If we check the first row, we notice that the city is matched with the right columns:

regic_link %>% filter(cod_ori == 1100023)
#> Simple feature collection with 1 feature and 2 fields
#> Geometry type: LINESTRING
#> Dimension:     XY
#> Bounding box:  xmin: -63.0338 ymin: -10.4323 xmax: -62.4721 ymax: -9.912
#> Geodetic CRS:  SIRGAS 2000
#>   cod_ori cod_dest                       geometry
#> 1 1100023  1100114 LINESTRING (-63.0338 -9.912...

On the other hand

regic_link %>% filter(cod_ori == 1100049)
#> Simple feature collection with 0 features and 2 fields
#> Bounding box:  xmin: NA ymin: NA xmax: NA ymax: NA
#> Geodetic CRS:  SIRGAS 2000
#> [1] cod_ori  cod_dest geometry
#> <0 rows> (or 0-length row.names)

since that corresponds to one of the cod_dest.

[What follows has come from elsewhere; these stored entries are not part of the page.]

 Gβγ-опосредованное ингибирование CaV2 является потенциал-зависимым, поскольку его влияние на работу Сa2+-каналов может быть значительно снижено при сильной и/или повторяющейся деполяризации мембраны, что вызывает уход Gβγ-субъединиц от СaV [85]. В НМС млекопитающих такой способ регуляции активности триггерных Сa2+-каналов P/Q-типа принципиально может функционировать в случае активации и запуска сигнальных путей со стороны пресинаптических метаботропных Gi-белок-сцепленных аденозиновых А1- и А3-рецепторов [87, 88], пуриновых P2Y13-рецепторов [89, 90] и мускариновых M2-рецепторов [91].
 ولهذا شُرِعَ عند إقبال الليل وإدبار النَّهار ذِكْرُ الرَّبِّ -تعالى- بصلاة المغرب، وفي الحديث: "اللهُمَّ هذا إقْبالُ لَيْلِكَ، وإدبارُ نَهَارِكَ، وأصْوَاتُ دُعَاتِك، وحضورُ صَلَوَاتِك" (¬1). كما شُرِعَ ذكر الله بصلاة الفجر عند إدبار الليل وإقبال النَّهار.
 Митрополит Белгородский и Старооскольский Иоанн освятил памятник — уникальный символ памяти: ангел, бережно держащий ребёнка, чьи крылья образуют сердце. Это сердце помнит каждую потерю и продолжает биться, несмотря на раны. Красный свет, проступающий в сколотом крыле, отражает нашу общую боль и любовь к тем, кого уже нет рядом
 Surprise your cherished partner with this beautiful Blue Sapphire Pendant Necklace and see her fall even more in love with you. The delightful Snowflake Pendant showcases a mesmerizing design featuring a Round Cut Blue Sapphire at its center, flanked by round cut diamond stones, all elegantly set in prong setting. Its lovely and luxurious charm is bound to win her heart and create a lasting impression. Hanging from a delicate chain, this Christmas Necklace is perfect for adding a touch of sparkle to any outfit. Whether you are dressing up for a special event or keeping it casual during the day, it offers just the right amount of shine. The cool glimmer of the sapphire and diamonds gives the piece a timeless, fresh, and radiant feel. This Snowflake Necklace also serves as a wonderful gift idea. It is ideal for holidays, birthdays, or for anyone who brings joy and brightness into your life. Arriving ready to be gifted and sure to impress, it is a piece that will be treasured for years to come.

regic_link %>% filter(cod_dest == 1100049)
#> Simple feature collection with 1 feature and 2 fields
#> Geometry type: LINESTRING
#> Dimension:     XY
#> Bounding box:  xmin: -62.0041 ymin: -11.9342 xmax: -61.4512 ymax: -11.4356
#> Geodetic CRS:  SIRGAS 2000
#>   cod_ori cod_dest                       geometry
#> 1 1100015  1100049 LINESTRING (-62.0041 -11.93...

Finally, we can convert the adj matrix to inla.graph object (but I think that’s not strictly required by INLA functions):

INLA::inla.read.graph(regic_adj)
#> $n
#> [1] 8
#> 
#> $nnbs
#> [1] 3 1 1 1 1 1 1 1
#> 
#> $nbs
#> $nbs[[1]]
#> [1] 2 3 4
#> 
#> $nbs[[2]]
#> [1] 1
#> 
#> $nbs[[3]]
#> [1] 1
#> 
#> $nbs[[4]]
#> [1] 1
#> 
#> $nbs[[5]]
#> [1] 6
#> 
#> $nbs[[6]]
#> [1] 5
#> 
#> $nbs[[7]]
#> [1] 8
#> 
#> $nbs[[8]]
#> [1] 7
#> 
#> 
#> $graph.file
#> [1] NA
#> 
#> $cc
#> $cc$id
#> [1] 1 1 1 1 2 2 3 3
#> 
#> $cc$n
#> [1] 3
#> 
#> $cc$nodes
#> $cc$nodes[[1]]
#> [1] 1 2 3 4
#> 
#> $cc$nodes[[2]]
#> [1] 5 6
#> 
#> $cc$nodes[[3]]
#> [1] 7 8
#> 
#> 
#> 
#> attr(,"class")
#> [1] "inla.graph"

Created on 2021-08-25 by the reprex package (v2.0.0)

Hope that helps. You can check the complete example removing LIMIT 5 from the query argument in st_read. There might be some simpler approaches, but I cannot think of any right now.